*** DATASET RECORDS Section Begins ***

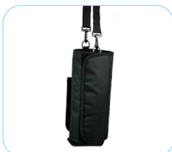
Oxygen bottle holder Item no: ACR01008
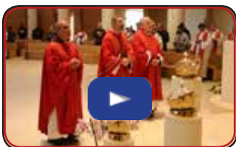
Collegio San Lorenzo
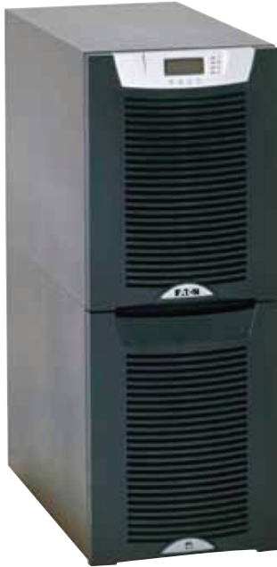
9155 8-15 kVA

Reliability and efficiency have never looked so attractive. The 9155 single-phase Uninterruptible Power System (UPS) delivers a combination of advanced technology, user-friendly design and low price that's absolutely unmatched by competing products. This innovative design offers high efficiency (90 percent or better across all load ranges), low input current distortion (less than 5 percent total harmonic distortion, with an active IGBT rectifier that delivers 0.99 power factor correction) and high power factor output (0.9 PF).
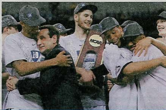
2010: Coach K and his Duke team top Butler 61-59 ...

Jerry Colangelo, USA Basketball senior team director and chairman of the Phoenix Suns, chose Krzyzewski to resurrect a program that was stunned by Argentina in the 2004 Olympic semifinals and settled for
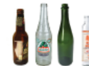
BOTTLES / बोतलें
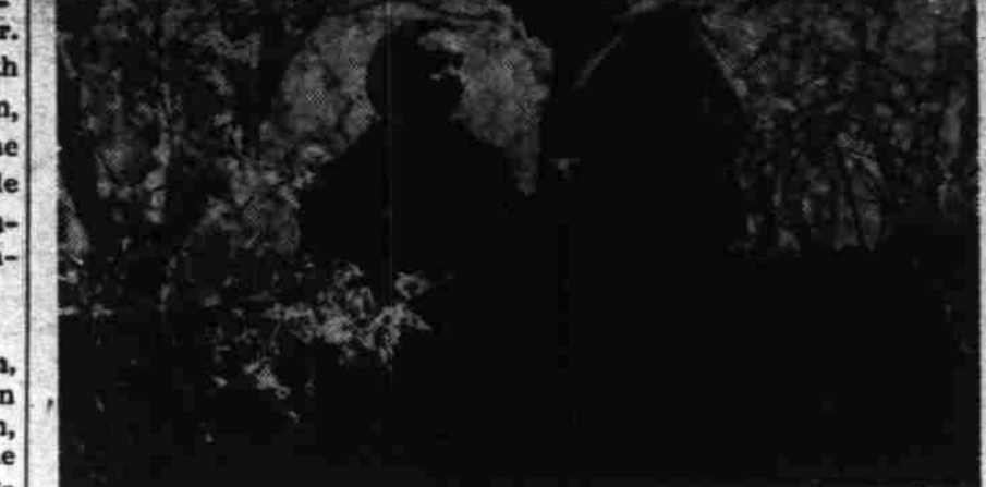
Poignant scene from Franz Werfel's "The Song of Bernadette," new Fox sensation with Jennifer Jones, William Eythe and Charles Bickford, starting today at the Grand.
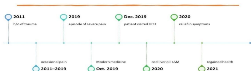
Figure 2 timeline of symptoms

Once cod liver oil was prescribed, the patient had marked relief in the symptoms. After few months he began to visit the workplace. He also started to work in next week and he has good confidence about the treatment. He used to have low back pain sometimes, but as soon as he started cod liver oil capsules, the pain relief was there. He was asked to stop all the medicine and continue cod liver oil only. So, he was on cod liver oil for 7 – 8 months.
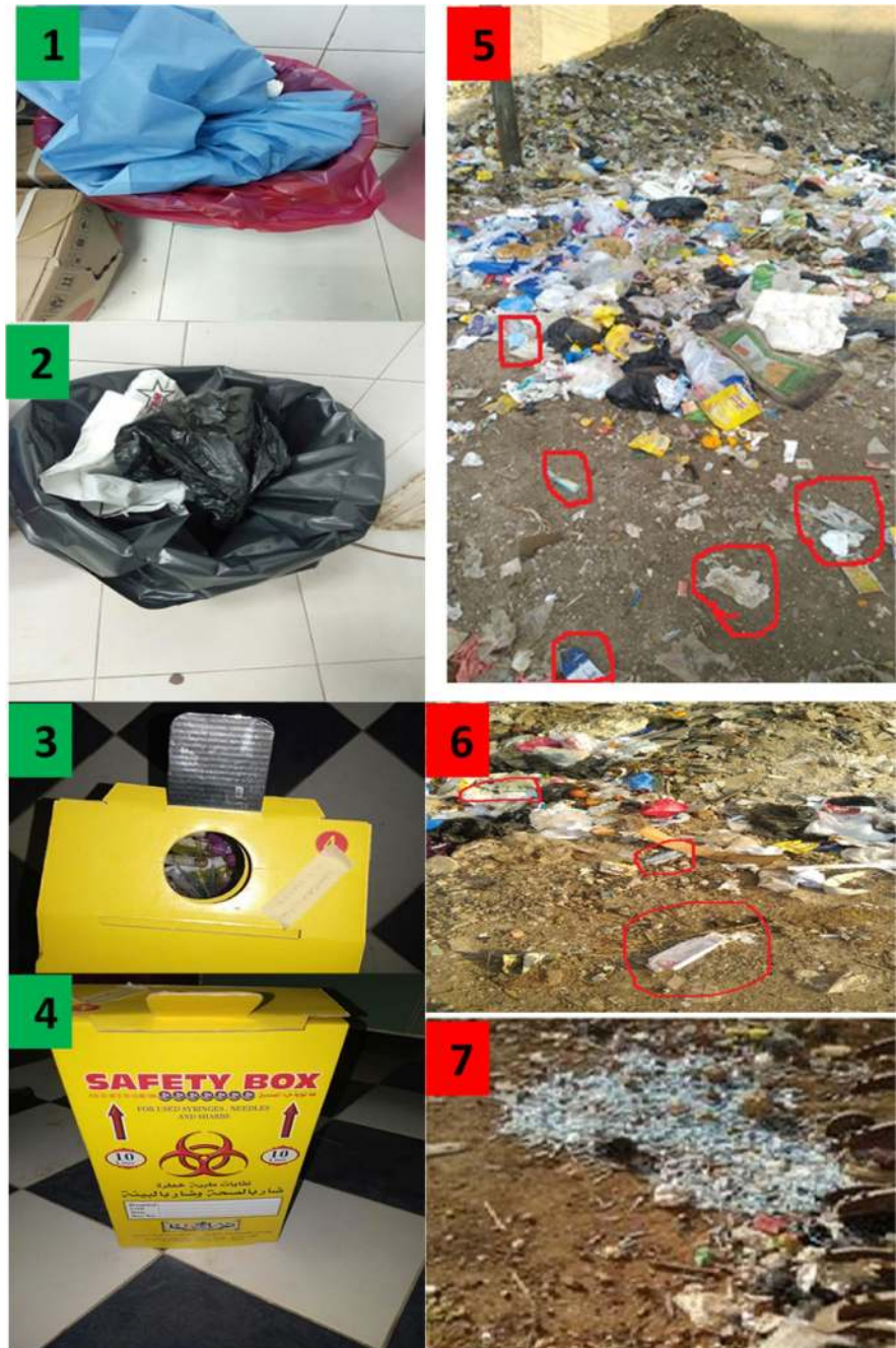
Fig. 2 Various containers used by medical institutions for the disposal of hazardous healthcare wastes in Egypt (photos no. 1, 2, 3, and 4). Hazardous healthcare wastes that were disposed of without appropriate safety measures in piles of household garbage in Egypt (photos no. 5, 6, and 7)

COVID-19 provided an urgent call for more interest in proper healthcare waste disposal techniques. During the COVID-19 pandemic, healthcare waste management became a serious problem that faces medical staff throughout the world (WHO, 2020b). COVID-19 is expected to cause a wide range of
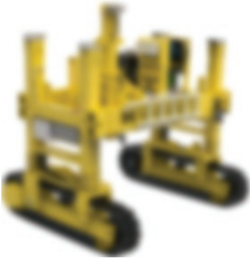
CHARLIE (coming soon)
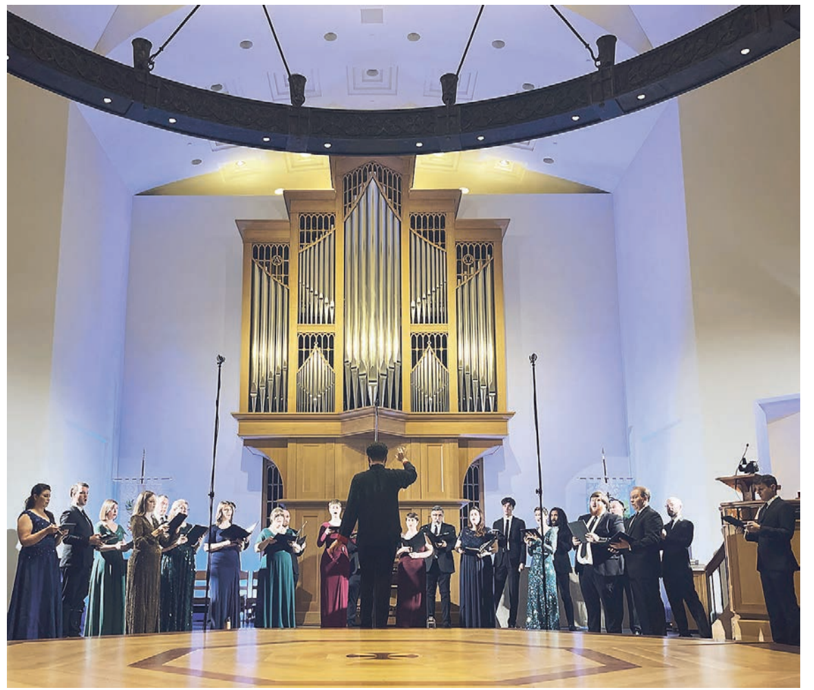
The Thirteen: Beautiful as the Sky will be performed on Friday, May 17, 2024 at Washington Street UMC in Alexandria.
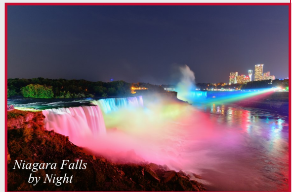
Niagara Falls by Night

get up close to the falls (both day and night). Our excursions will also take you off the beaten path with visits to Old Fort Niagara, the Whirlpool, and Niagara-on-the-Lake, Ontario.
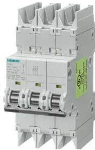
CIRCUIT BREAKER 10KA, 3POLE, C, 35A ACC. TO UL 489 - 480Y/277V
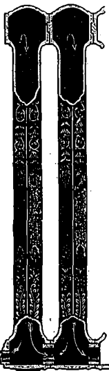
Sectional View of Hot Water Radiator Showing Form of Connection.
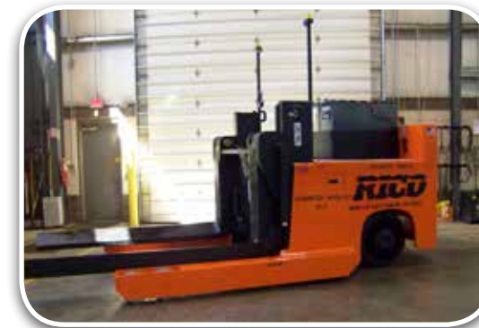
Remote Controlled Straddle
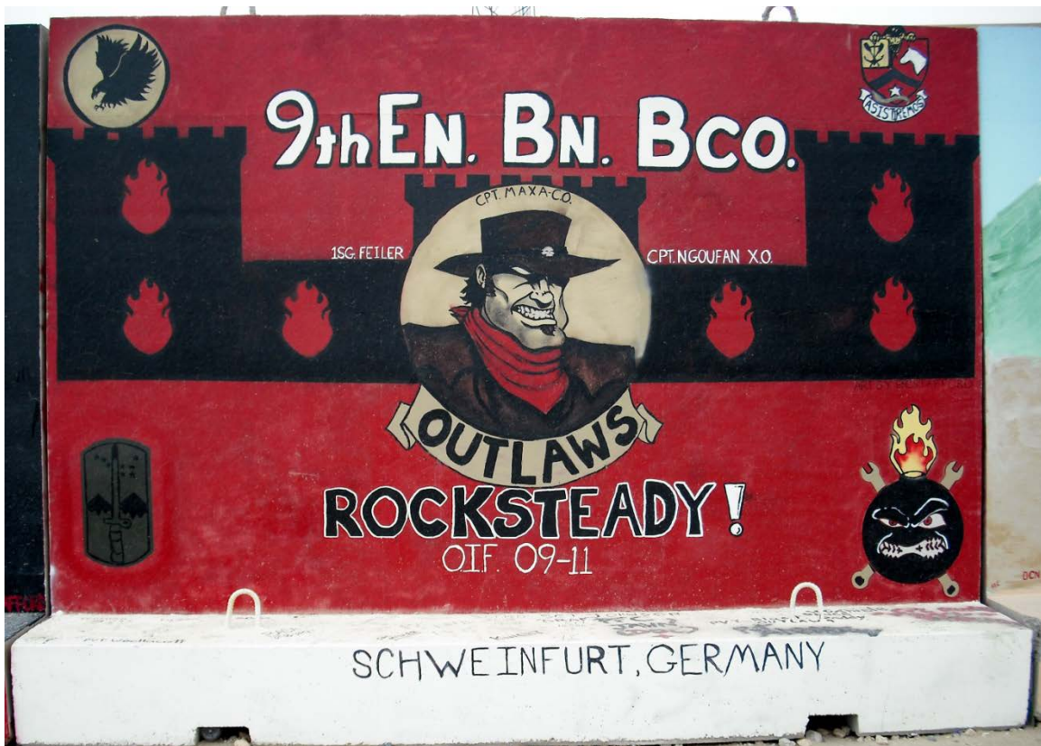
Figure 76. Company B, 9th Engineer Battalion

and Cavalry pride is especially evident with each branch receiving three symbols on the concrete canvas. The motto, “Clear the Way Essayons,” communicates the unit’s front line mission. In addition, the listing of personnel names gives honor to all unit members and demonstrates an “all for one” attitude. Further, the listing of names stresses the human element of deployment: real people are entering a battle zone and are in harm’s way.
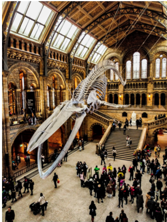
This is the Natural History Museum in London, it is still open today.
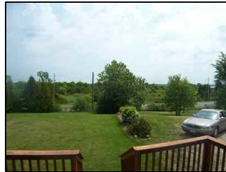
FRONT DECK VIEW
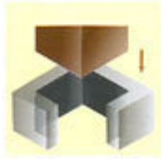
Z軸直線加工 Z-axis linear machining
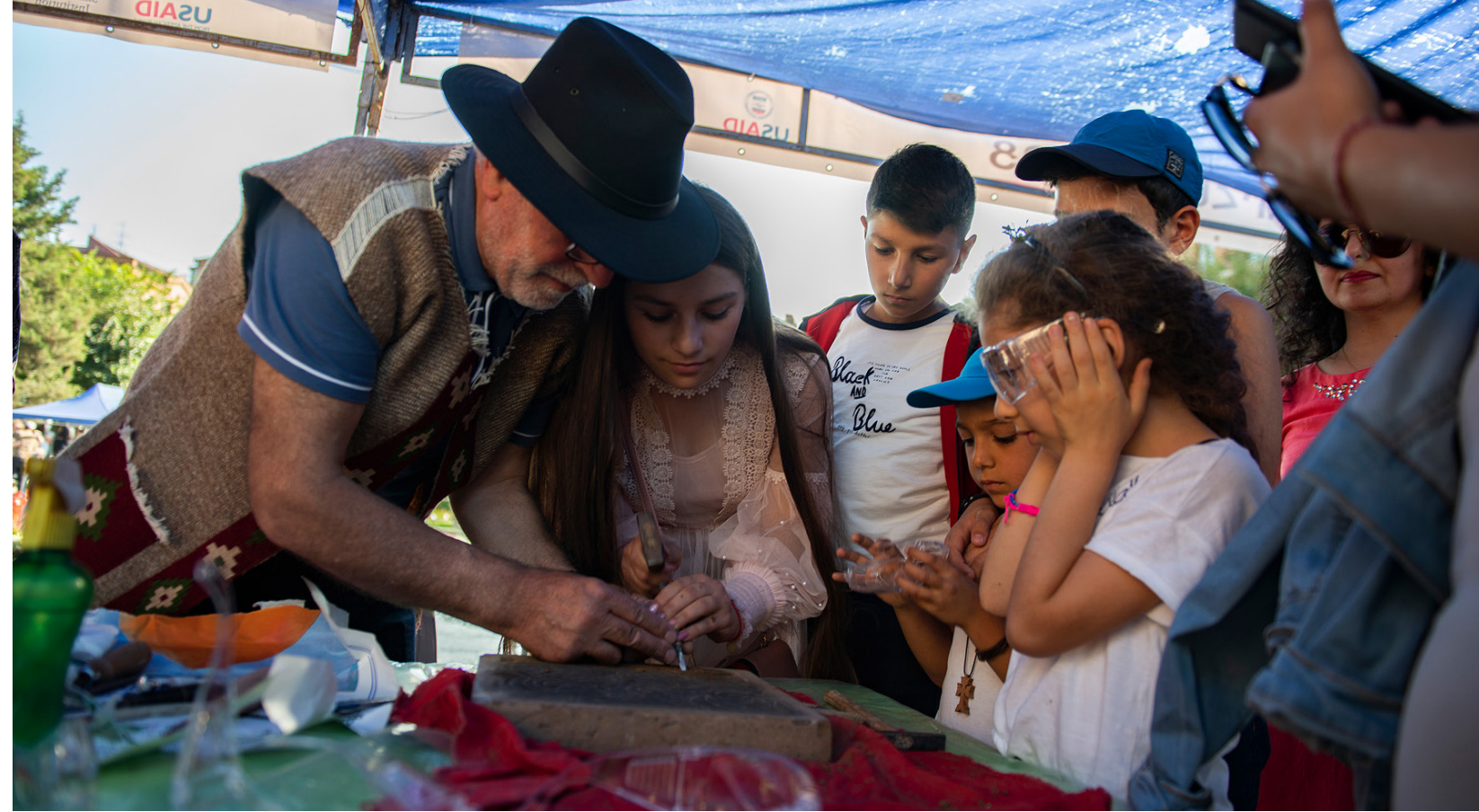
A moment from the My Handmade Armenia Festival.

*** DATASET RECORDS Section Ends ***

TASK DETAILS »
Filter the records for lines holding the string "healthcare". Copy each one.

WRITTEN SOLUTION »
Fig. 2 Various containers used by medical institutions for the disposal of hazardous healthcare wastes in Egypt (photos no. 1, 2, 3, and 4). Hazardous healthcare wastes that were disposed of without appropriate safety measures in piles of household garbage in Egypt (photos no. 5, 6, and 7)
COVID-19 provided an urgent call for more interest in proper healthcare waste disposal techniques. During the COVID-19 pandemic, healthcare waste management became a serious problem that faces medical staff throughout the world (WHO, 2020b). COVID-19 is expected to cause a wide range of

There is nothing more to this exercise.